> [AIM OF THE EXERCISE]: For the data below, retype word for word the lines from the one containing "Что касается модели, то" through the one containing "- Tăiem aluatul"; drop the pictures.

> [PROVIDED DATA]:
○ ○ ○ ○ ○
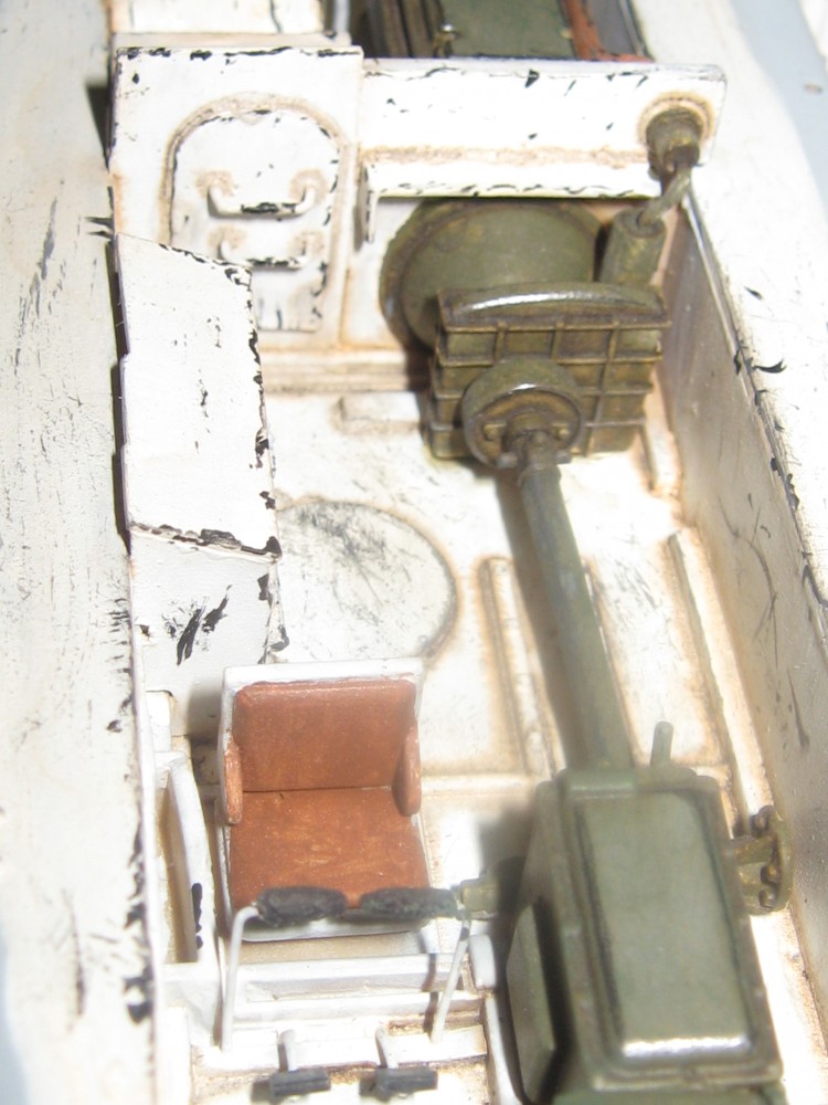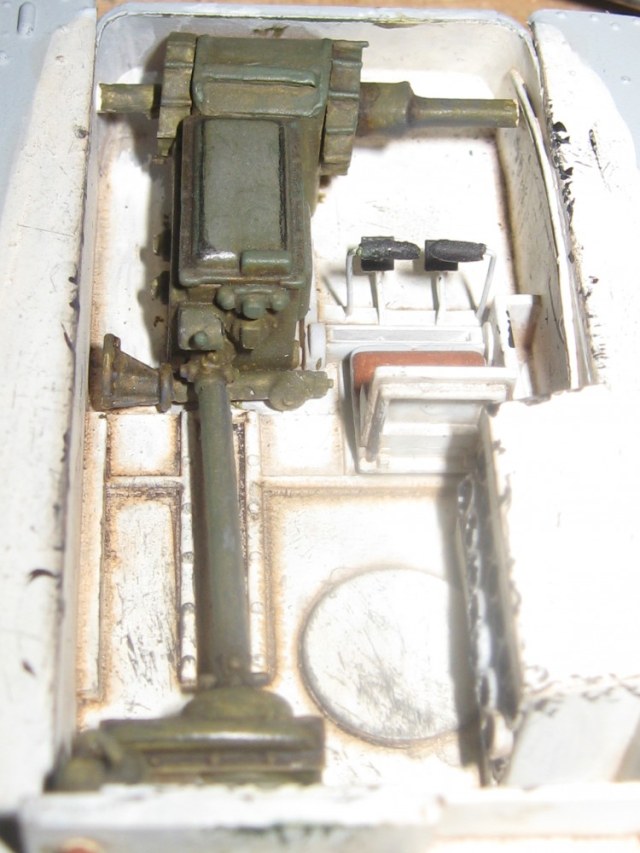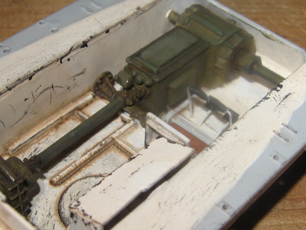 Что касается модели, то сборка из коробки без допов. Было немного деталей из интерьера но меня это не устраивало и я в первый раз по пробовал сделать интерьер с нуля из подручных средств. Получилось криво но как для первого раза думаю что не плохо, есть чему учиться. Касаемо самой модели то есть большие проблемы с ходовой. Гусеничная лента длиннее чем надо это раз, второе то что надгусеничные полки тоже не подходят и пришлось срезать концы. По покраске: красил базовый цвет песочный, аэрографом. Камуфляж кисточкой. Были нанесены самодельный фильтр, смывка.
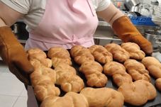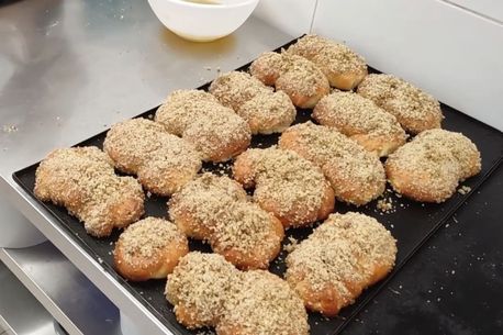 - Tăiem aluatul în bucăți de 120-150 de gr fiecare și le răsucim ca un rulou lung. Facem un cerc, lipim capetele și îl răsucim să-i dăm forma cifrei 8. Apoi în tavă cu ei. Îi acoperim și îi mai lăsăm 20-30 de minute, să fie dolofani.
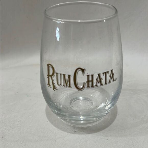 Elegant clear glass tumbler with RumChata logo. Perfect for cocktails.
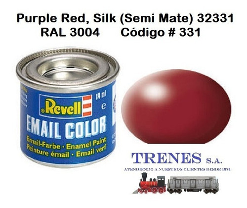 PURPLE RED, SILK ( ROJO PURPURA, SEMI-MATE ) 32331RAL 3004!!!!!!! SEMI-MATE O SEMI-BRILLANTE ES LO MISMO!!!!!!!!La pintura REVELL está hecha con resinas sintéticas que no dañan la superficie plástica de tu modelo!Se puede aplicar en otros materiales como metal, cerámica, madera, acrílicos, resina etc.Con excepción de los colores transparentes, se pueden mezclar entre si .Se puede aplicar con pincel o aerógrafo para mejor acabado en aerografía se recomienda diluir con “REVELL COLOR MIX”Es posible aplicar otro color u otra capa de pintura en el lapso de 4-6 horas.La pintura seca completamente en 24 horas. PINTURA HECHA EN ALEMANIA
○ ○ ○ ○ ○
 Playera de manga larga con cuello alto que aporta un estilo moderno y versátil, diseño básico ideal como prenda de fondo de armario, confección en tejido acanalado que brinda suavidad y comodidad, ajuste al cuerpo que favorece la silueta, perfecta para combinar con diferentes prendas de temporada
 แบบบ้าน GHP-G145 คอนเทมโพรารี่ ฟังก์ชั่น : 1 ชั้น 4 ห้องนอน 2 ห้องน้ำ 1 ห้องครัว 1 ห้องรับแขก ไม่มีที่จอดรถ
○ ○ ○ ○ ○
> [RESULT BELOW]:
 Что касается модели, то сборка из коробки без допов. Было немного деталей из интерьера но меня это не устраивало и я в первый раз по пробовал сделать интерьер с нуля из подручных средств. Получилось криво но как для первого раза думаю что не плохо, есть чему учиться. Касаемо самой модели то есть большие проблемы с ходовой. Гусеничная лента длиннее чем надо это раз, второе то что надгусеничные полки тоже не подходят и пришлось срезать концы. По покраске: красил базовый цвет песочный, аэрографом. Камуфляж кисточкой. Были нанесены самодельный фильтр, смывка.
 - Tăiem aluatul în bucăți de 120-150 de gr fiecare și le răsucim ca un rulou lung. Facem un cerc, lipim capetele și îl răsucim să-i dăm forma cifrei 8. Apoi în tavă cu ei. Îi acoperim și îi mai lăsăm 20-30 de minute, să fie dolofani.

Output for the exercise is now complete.